Supplied material: Begin

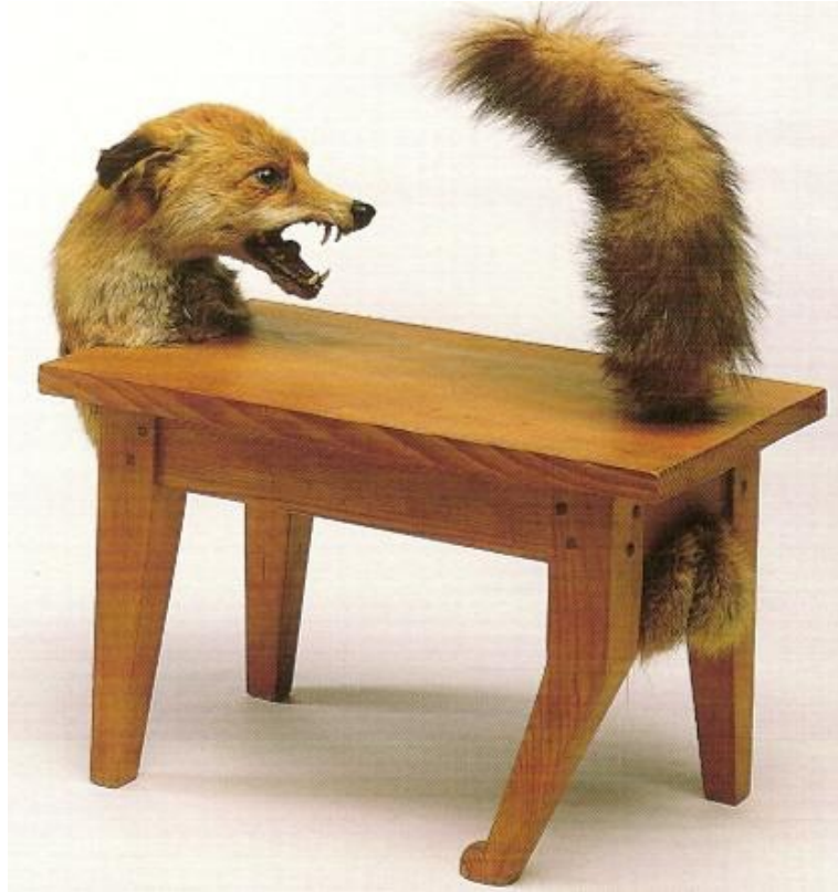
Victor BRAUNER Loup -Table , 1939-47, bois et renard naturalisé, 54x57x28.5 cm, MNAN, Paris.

Supplied material: End
Supplied material: Begin

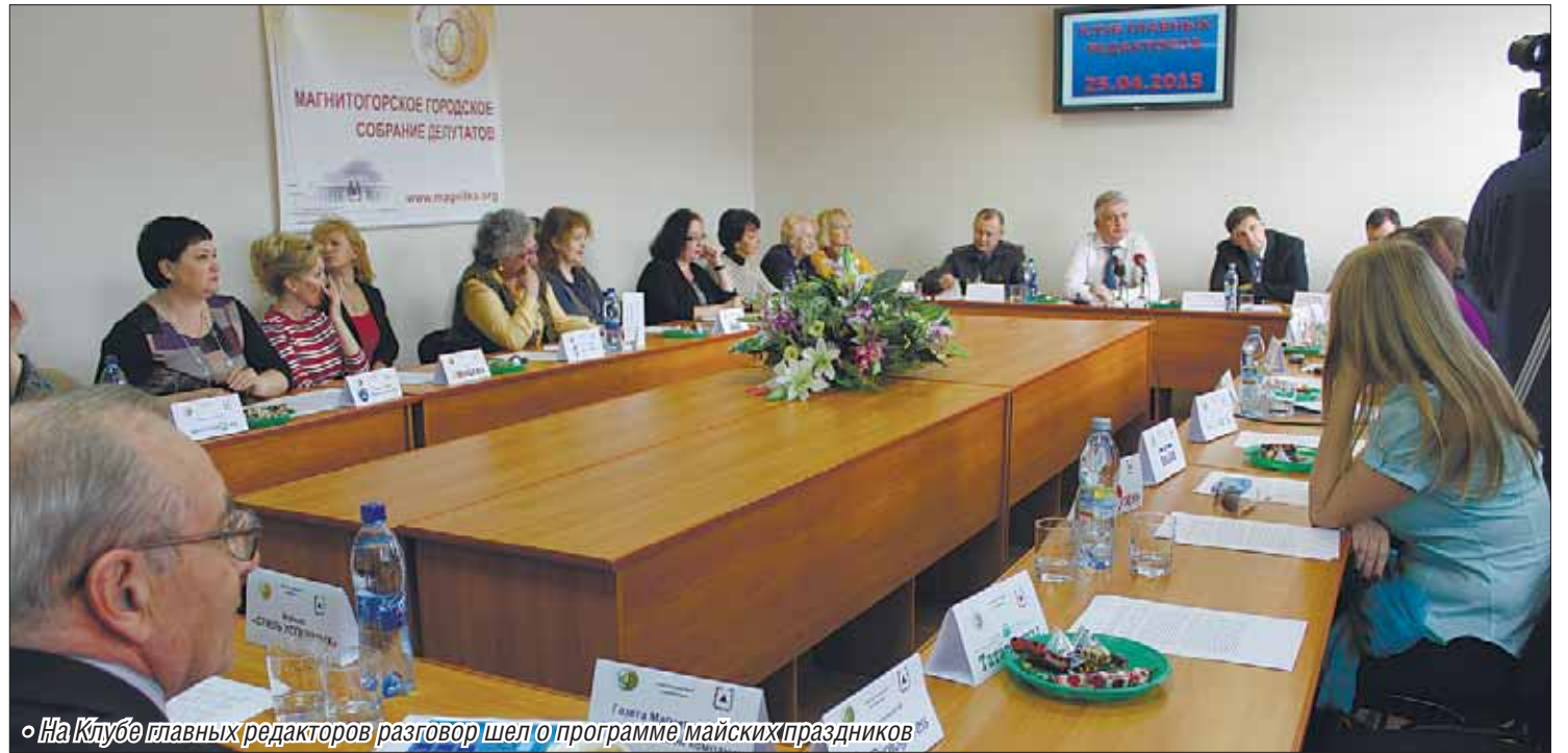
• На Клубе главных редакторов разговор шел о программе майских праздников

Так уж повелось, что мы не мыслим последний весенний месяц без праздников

Supplied material: End

From the data above, reproduce word for word the lines running from the line with "программе майских праздников" to the line with "Так уж повелось, что", ends included.

• На Клубе главных редакторов разговор шел о программе майских праздников

Так уж повелось, что мы не мыслим последний весенний месяц без праздников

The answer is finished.